**EXERCISE DESCRIPTION:** Would you please transcribe the listing exactly, with no images?

**DATASET SECTION:**
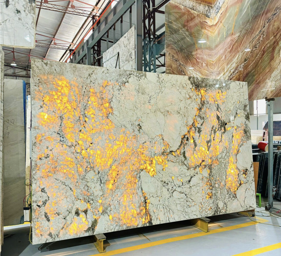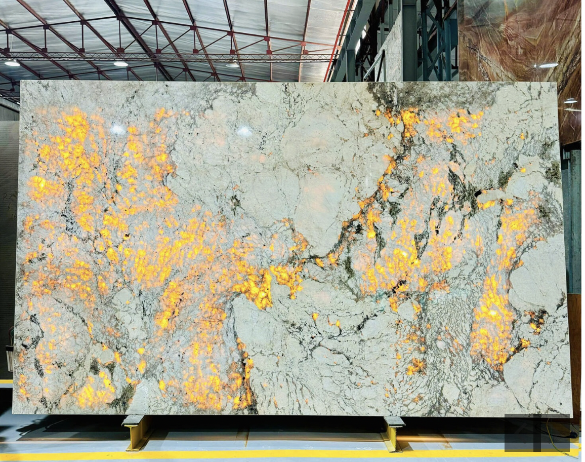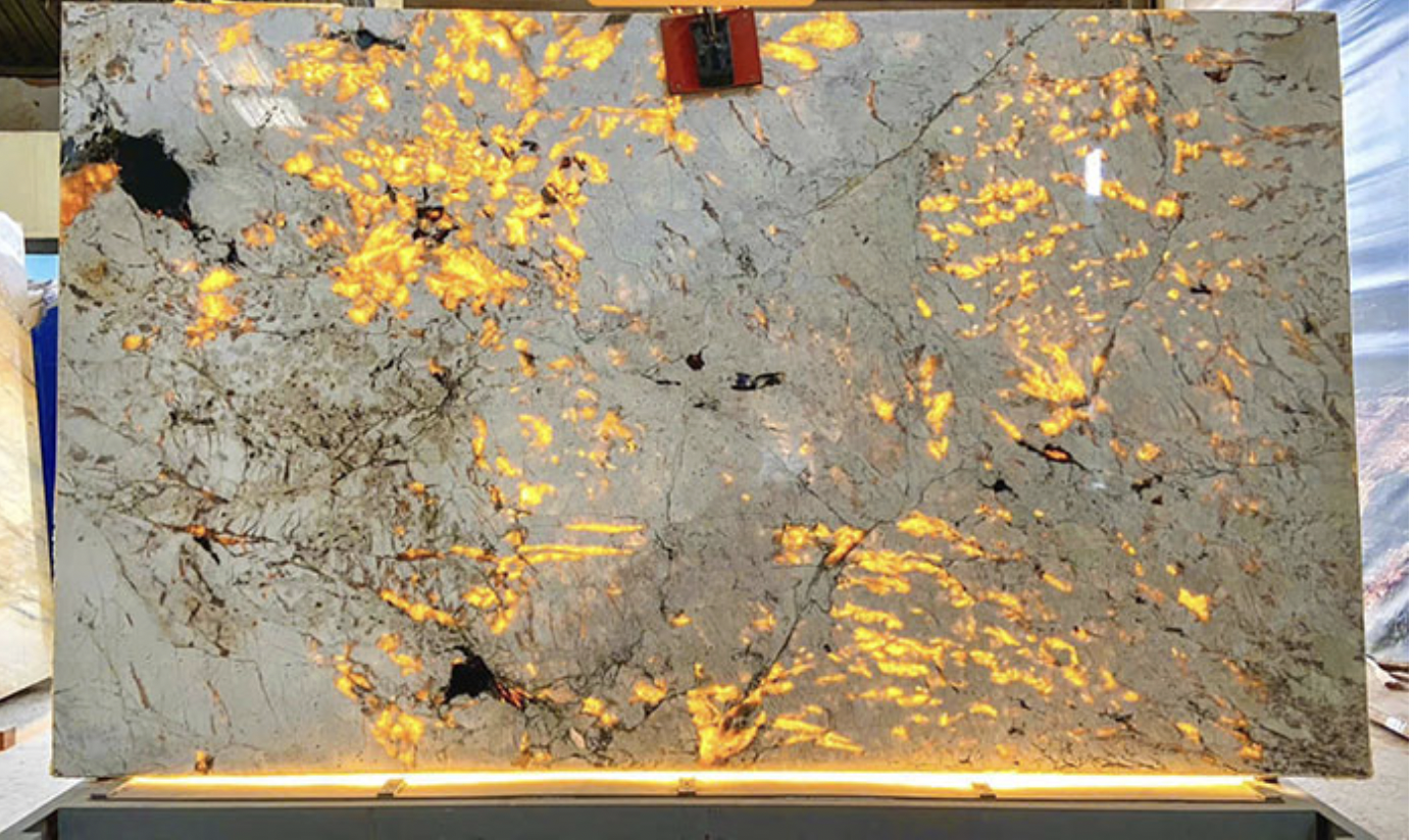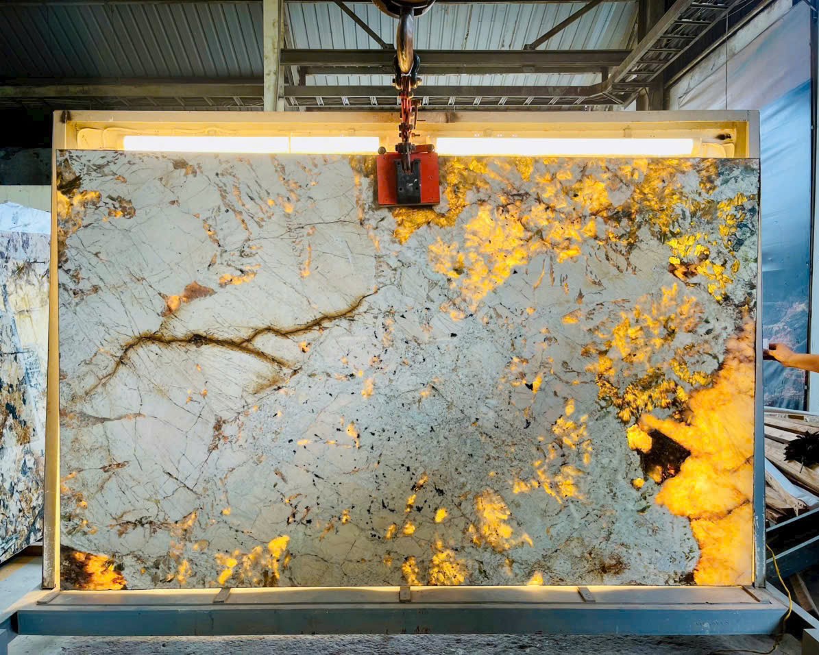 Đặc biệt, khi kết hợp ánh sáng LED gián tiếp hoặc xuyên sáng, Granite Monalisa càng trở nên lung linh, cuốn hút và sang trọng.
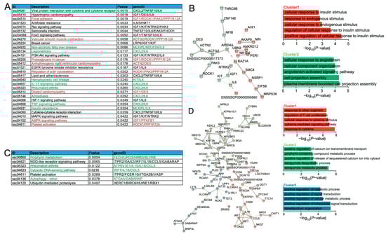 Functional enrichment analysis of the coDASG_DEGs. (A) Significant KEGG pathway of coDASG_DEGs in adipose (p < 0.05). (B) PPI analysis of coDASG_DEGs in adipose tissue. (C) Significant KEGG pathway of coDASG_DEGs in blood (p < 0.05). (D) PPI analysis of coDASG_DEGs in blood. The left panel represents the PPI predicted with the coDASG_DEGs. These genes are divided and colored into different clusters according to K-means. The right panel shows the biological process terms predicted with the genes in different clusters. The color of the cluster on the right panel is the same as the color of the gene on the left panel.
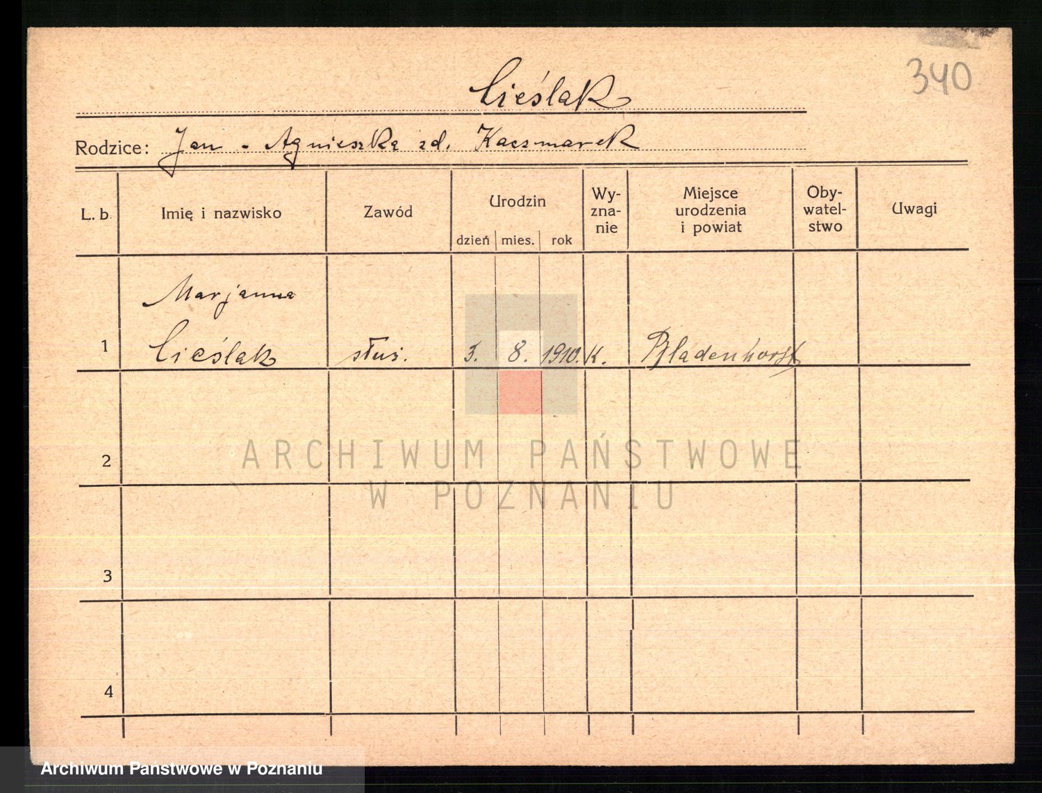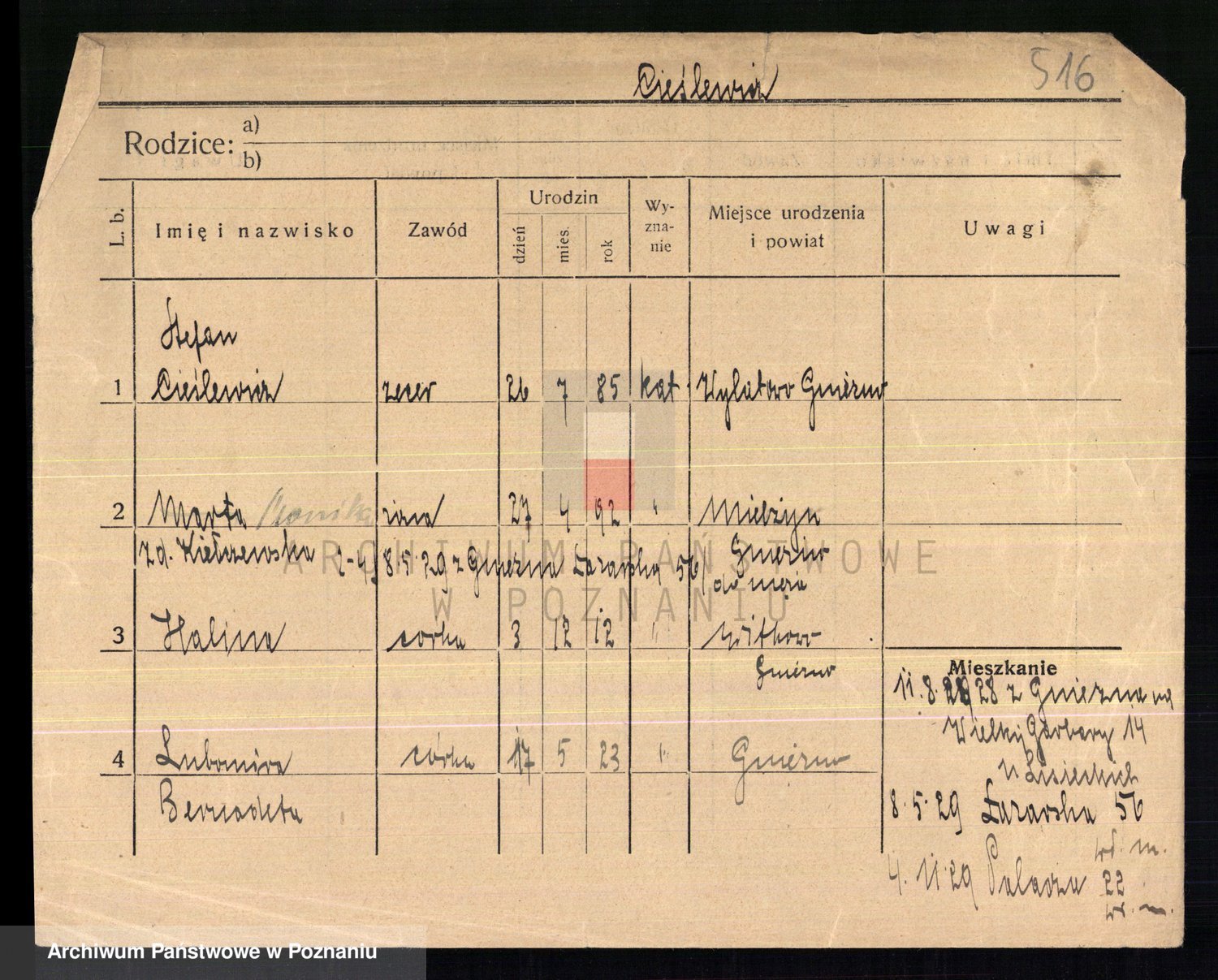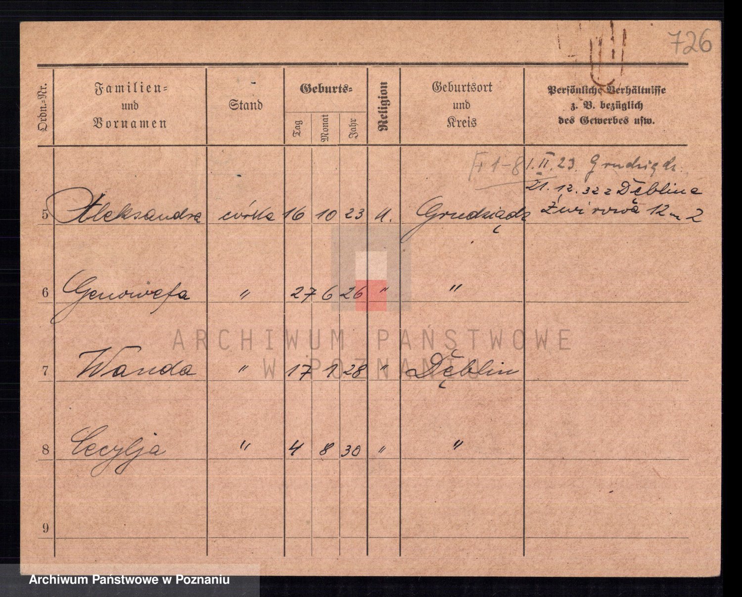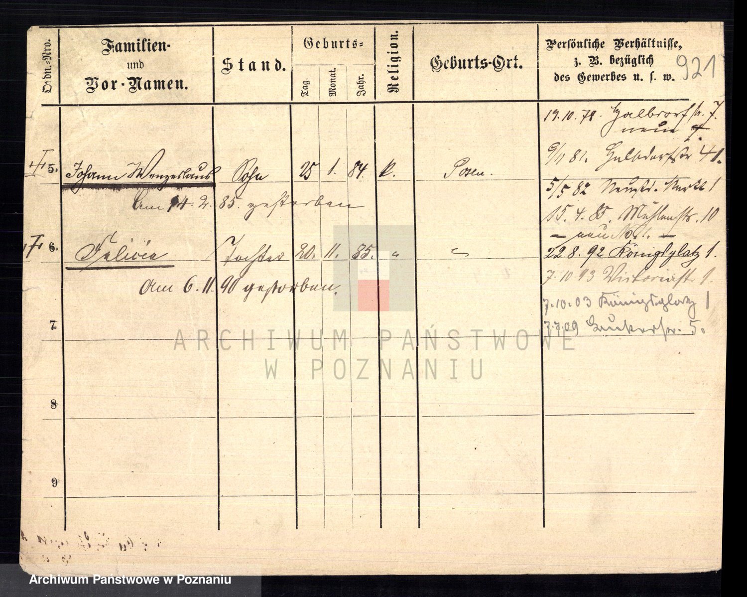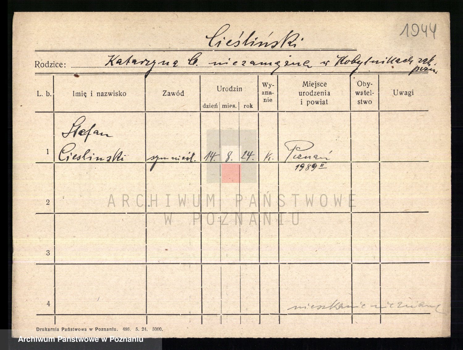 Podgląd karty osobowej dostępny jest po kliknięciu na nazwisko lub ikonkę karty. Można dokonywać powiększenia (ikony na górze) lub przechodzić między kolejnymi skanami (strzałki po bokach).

**WRITTEN SOLUTION:**
 Đặc biệt, khi kết hợp ánh sáng LED gián tiếp hoặc xuyên sáng, Granite Monalisa càng trở nên lung linh, cuốn hút và sang trọng.
 Functional enrichment analysis of the coDASG_DEGs. (A) Significant KEGG pathway of coDASG_DEGs in adipose (p < 0.05). (B) PPI analysis of coDASG_DEGs in adipose tissue. (C) Significant KEGG pathway of coDASG_DEGs in blood (p < 0.05). (D) PPI analysis of coDASG_DEGs in blood. The left panel represents the PPI predicted with the coDASG_DEGs. These genes are divided and colored into different clusters according to K-means. The right panel shows the biological process terms predicted with the genes in different clusters. The color of the cluster on the right panel is the same as the color of the gene on the left panel.
 Podgląd karty osobowej dostępny jest po kliknięciu na nazwisko lub ikonkę karty. Można dokonywać powiększenia (ikony na górze) lub przechodzić między kolejnymi skanami (strzałki po bokach).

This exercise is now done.